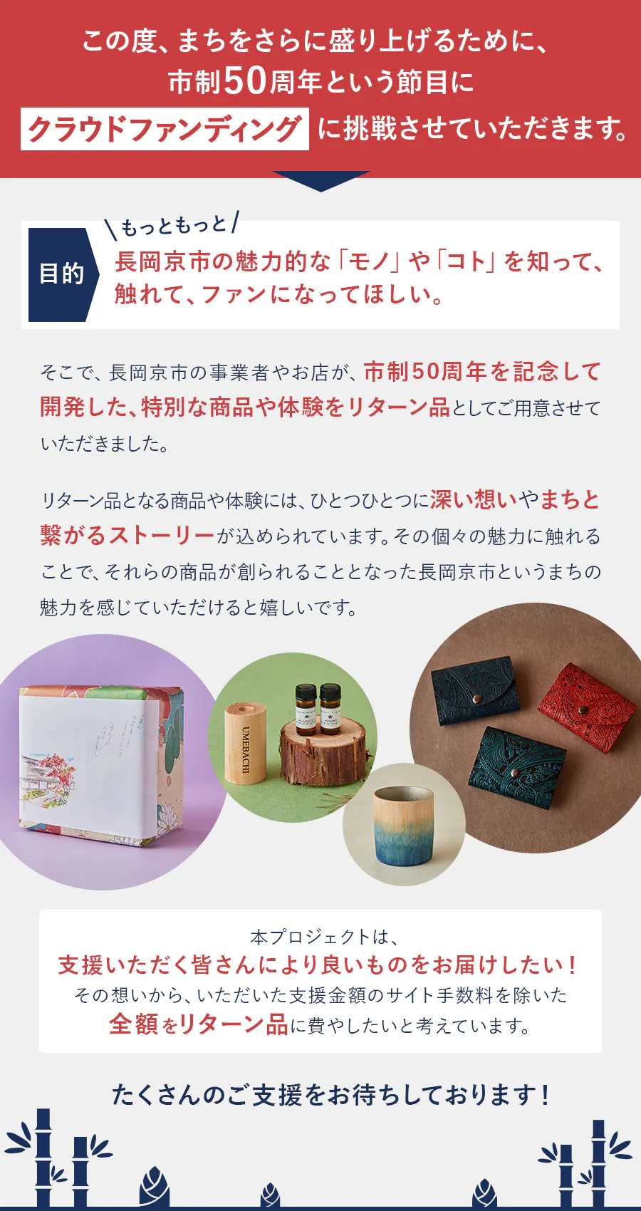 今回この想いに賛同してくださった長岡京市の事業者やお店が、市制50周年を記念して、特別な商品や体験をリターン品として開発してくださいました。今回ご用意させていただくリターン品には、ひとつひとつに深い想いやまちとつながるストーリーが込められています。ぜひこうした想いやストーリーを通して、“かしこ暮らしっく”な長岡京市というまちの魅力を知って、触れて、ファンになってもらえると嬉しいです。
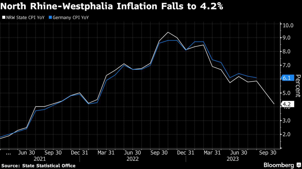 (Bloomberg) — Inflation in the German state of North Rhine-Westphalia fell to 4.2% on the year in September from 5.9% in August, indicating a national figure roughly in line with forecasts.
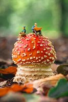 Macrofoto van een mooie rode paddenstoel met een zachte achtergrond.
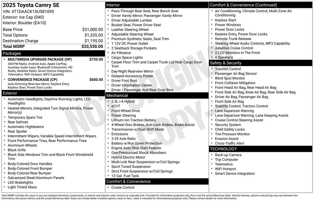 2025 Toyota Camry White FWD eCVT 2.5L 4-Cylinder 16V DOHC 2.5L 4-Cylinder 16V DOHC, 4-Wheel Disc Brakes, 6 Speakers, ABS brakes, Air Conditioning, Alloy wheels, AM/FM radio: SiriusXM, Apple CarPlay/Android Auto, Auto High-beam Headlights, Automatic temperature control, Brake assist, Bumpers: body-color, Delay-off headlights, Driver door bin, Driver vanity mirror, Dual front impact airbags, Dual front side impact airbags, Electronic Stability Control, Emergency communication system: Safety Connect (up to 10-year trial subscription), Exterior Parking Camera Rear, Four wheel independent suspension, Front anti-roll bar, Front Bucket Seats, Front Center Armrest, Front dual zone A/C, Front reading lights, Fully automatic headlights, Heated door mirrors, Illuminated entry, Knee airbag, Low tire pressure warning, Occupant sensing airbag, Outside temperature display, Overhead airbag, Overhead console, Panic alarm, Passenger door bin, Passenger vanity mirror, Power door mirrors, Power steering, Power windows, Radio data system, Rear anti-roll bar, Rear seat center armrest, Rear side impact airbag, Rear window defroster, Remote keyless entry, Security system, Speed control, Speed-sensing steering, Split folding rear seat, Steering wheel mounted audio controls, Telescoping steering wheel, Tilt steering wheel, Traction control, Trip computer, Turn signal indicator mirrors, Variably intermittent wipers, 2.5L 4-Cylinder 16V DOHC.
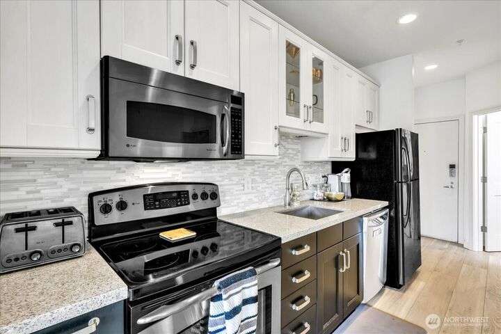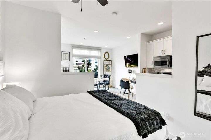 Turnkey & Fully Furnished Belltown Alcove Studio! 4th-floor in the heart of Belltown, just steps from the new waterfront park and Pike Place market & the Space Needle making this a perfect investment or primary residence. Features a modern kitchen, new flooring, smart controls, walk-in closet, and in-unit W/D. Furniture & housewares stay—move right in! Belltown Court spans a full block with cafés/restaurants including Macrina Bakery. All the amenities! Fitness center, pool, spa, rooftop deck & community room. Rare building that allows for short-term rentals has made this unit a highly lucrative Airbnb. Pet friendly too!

#####

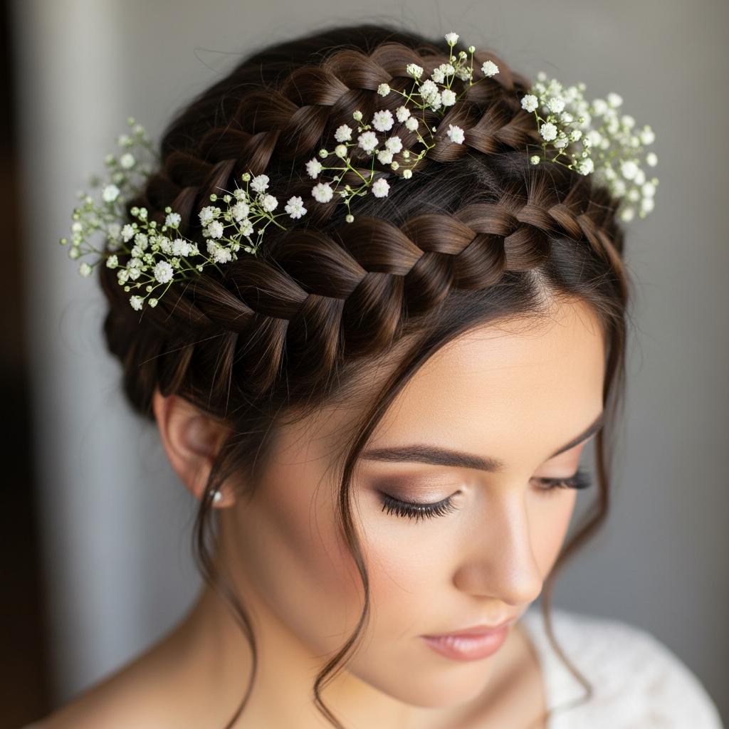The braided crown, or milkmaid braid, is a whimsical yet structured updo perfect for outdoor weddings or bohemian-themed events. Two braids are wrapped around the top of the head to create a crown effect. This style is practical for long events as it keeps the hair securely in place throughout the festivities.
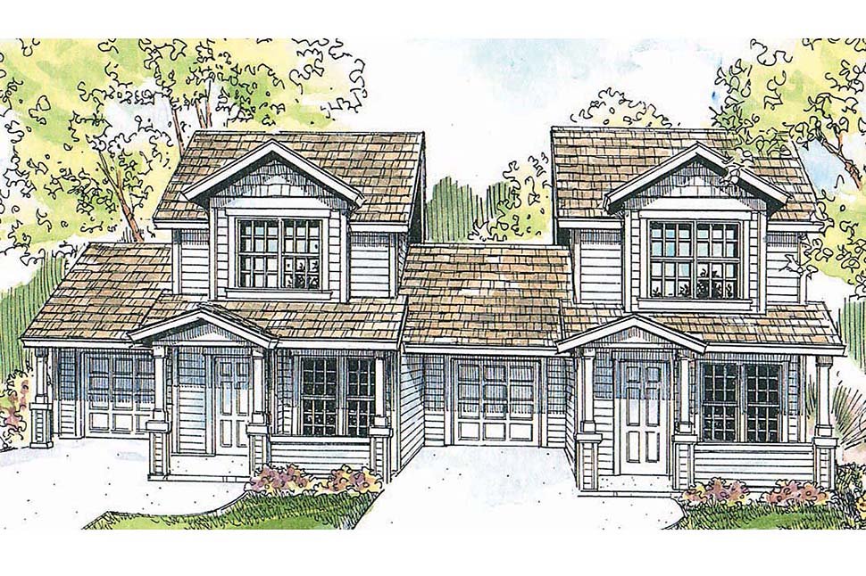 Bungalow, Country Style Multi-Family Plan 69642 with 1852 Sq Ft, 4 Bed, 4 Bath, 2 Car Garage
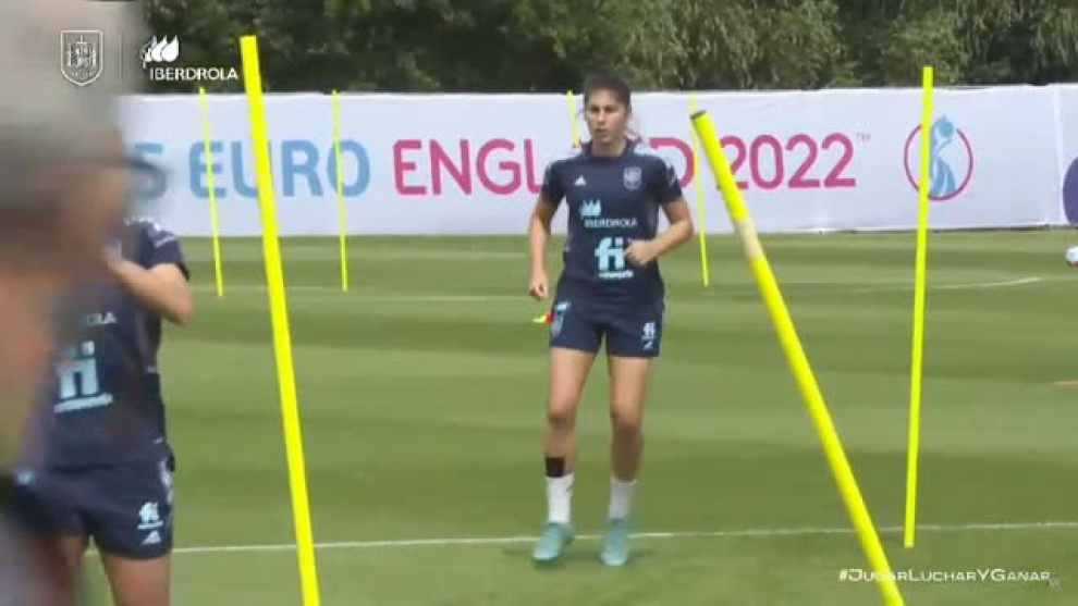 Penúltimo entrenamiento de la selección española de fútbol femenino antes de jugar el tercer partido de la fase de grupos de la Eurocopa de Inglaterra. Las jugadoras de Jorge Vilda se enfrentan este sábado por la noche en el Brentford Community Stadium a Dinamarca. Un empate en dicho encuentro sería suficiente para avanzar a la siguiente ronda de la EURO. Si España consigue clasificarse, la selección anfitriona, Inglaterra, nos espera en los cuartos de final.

#####

**Exercise objective**
In the data above, find the line containing "(Bloomberg) — Inflation" and the line containing "Macrofoto van een". Repeat those two lines and everything between them exactly, minus the pictures.

**Response box**
 (Bloomberg) — Inflation in the German state of North Rhine-Westphalia fell to 4.2% on the year in September from 5.9% in August, indicating a national figure roughly in line with forecasts.
 Macrofoto van een mooie rode paddenstoel met een zachte achtergrond.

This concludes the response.